Start of Data provided

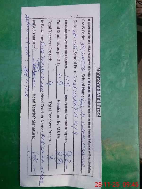 | Attendance Register | Head Teacher | MEA with School | Visit Proof |
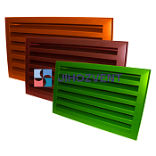 Решетка вентиляционная наружная РВН с горизонтально неподвижно закрепленных жалюзи используются для подачи и удаления воздуха в приточно вытяжной вентиляции, и системах кондиционирования воздуха, предназначены для монтажа в возду- ховоды или на стены (строительные проемы) помещений различных назначений с одновременным предотвращением проникновения через решетку атмосферных осадков. Решетки представляют собой раму прямоугольной формы с горизонтально установленными в нее неподвижными жалюзи, которые препятствуют проникновению атмосферных осадков с улицы. В случае необходимости с целью предотвращения проникновения через решетку листьев, крупных насекомых, птиц рекомендуется использовать дополнительно установленную с внутренней стороны решетки оцинкованную сетку. Решетки изготовлены из экструдированного алюминиевого профиля. В качестве защитно декоративного покрытия используется порошковая полимерная краска. Основной цвет покрытия – белый. Возможно окрашивание в другой цвет по каталогу цветов RAL. Решетки могут эксплуатироваться при температурах рабочей среды от -60 °С до +45 °С. Окружающая среда и воздух не должны содержать агрессивных газов и паров, разрушающих материалы и лакокрасочные покрытия изделия. Решетки изготавливаются в климатических исполнениях для эксплуатации в районах с умеренным У и УХЛ климатом и категории размещения 1 и 2 согласно ГОСТ 15150.
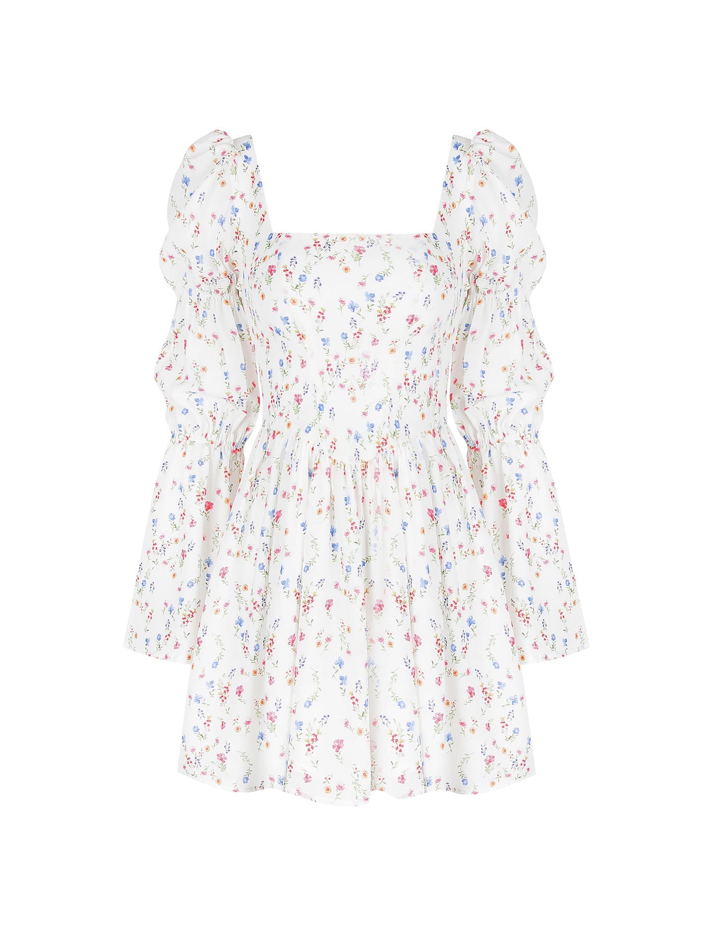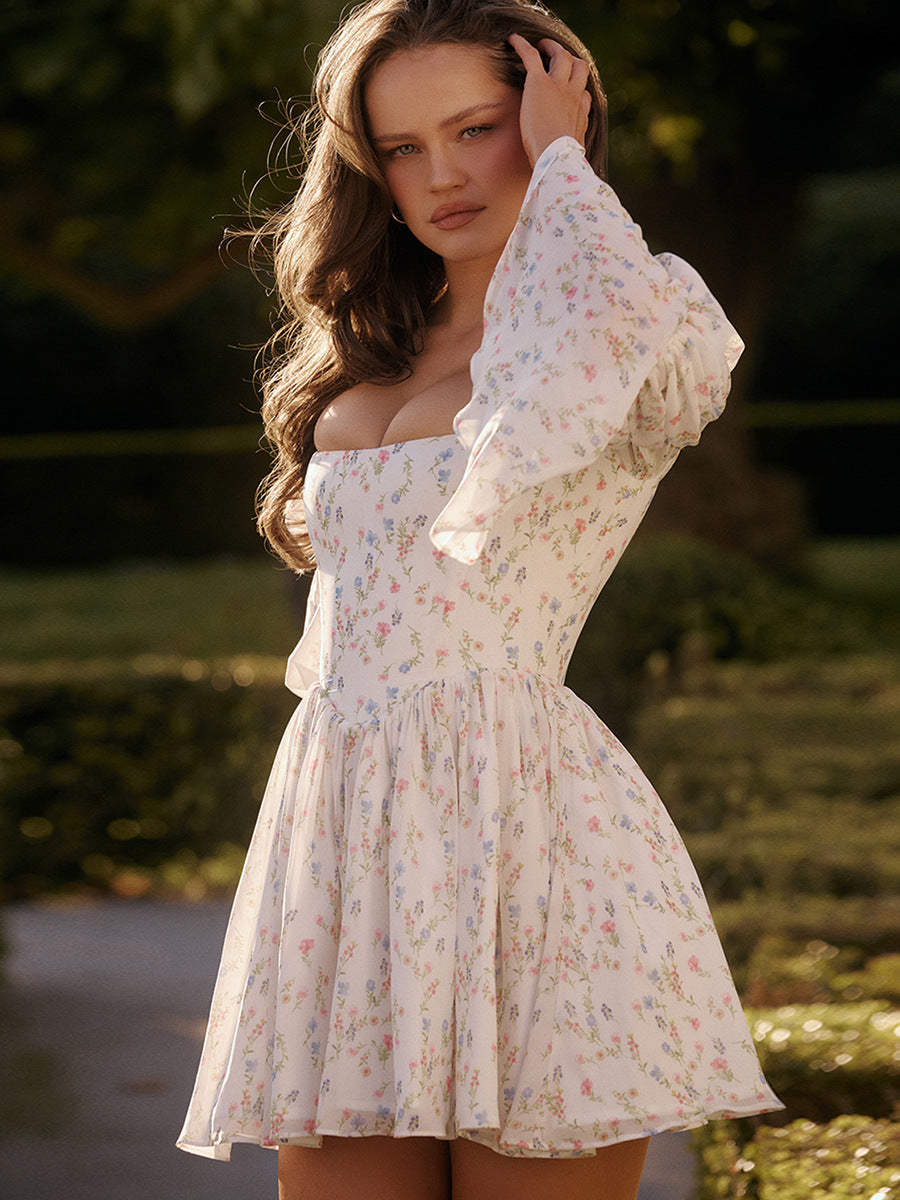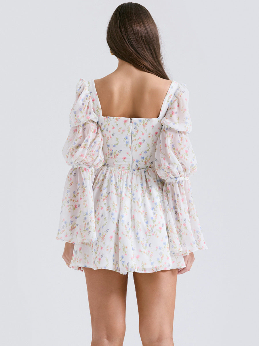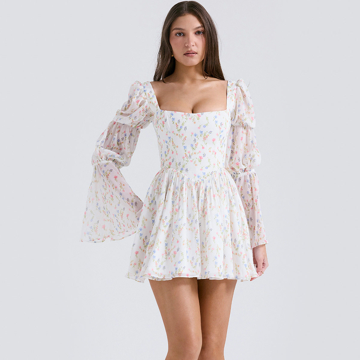 Dadizhimu Women's Clothing Pure Sexual Sexy Waist Show Thin Sleeve Print Dress Spring Women Chiffon Dress New
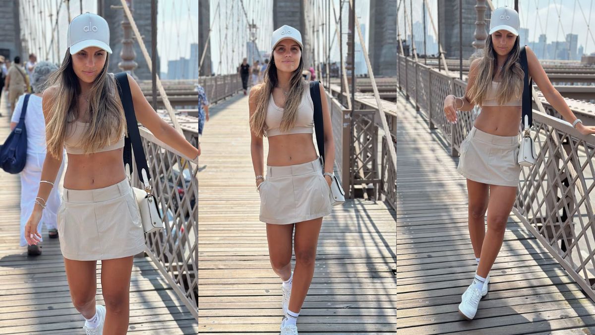 Desde el Brooklyn Bridge en Nueva York, se lució con un conjunto de dos piezas en tonos beige y causó furor en Instagram, donde actualmente la siguen casi 570 mil personas de alrededor del mundo.

End of Data provided

## Brief
Return the listing above in full and unaltered. Keep the pictures out.

## Your response
 | Attendance Register | Head Teacher | MEA with School | Visit Proof |
 Решетка вентиляционная наружная РВН с горизонтально неподвижно закрепленных жалюзи используются для подачи и удаления воздуха в приточно вытяжной вентиляции, и системах кондиционирования воздуха, предназначены для монтажа в возду- ховоды или на стены (строительные проемы) помещений различных назначений с одновременным предотвращением проникновения через решетку атмосферных осадков. Решетки представляют собой раму прямоугольной формы с горизонтально установленными в нее неподвижными жалюзи, которые препятствуют проникновению атмосферных осадков с улицы. В случае необходимости с целью предотвращения проникновения через решетку листьев, крупных насекомых, птиц рекомендуется использовать дополнительно установленную с внутренней стороны решетки оцинкованную сетку. Решетки изготовлены из экструдированного алюминиевого профиля. В качестве защитно декоративного покрытия используется порошковая полимерная краска. Основной цвет покрытия – белый. Возможно окрашивание в другой цвет по каталогу цветов RAL. Решетки могут эксплуатироваться при температурах рабочей среды от -60 °С до +45 °С. Окружающая среда и воздух не должны содержать агрессивных газов и паров, разрушающих материалы и лакокрасочные покрытия изделия. Решетки изготавливаются в климатических исполнениях для эксплуатации в районах с умеренным У и УХЛ климатом и категории размещения 1 и 2 согласно ГОСТ 15150.
 Dadizhimu Women's Clothing Pure Sexual Sexy Waist Show Thin Sleeve Print Dress Spring Women Chiffon Dress New
 Desde el Brooklyn Bridge en Nueva York, se lució con un conjunto de dos piezas en tonos beige y causó furor en Instagram, donde actualmente la siguen casi 570 mil personas de alrededor del mundo.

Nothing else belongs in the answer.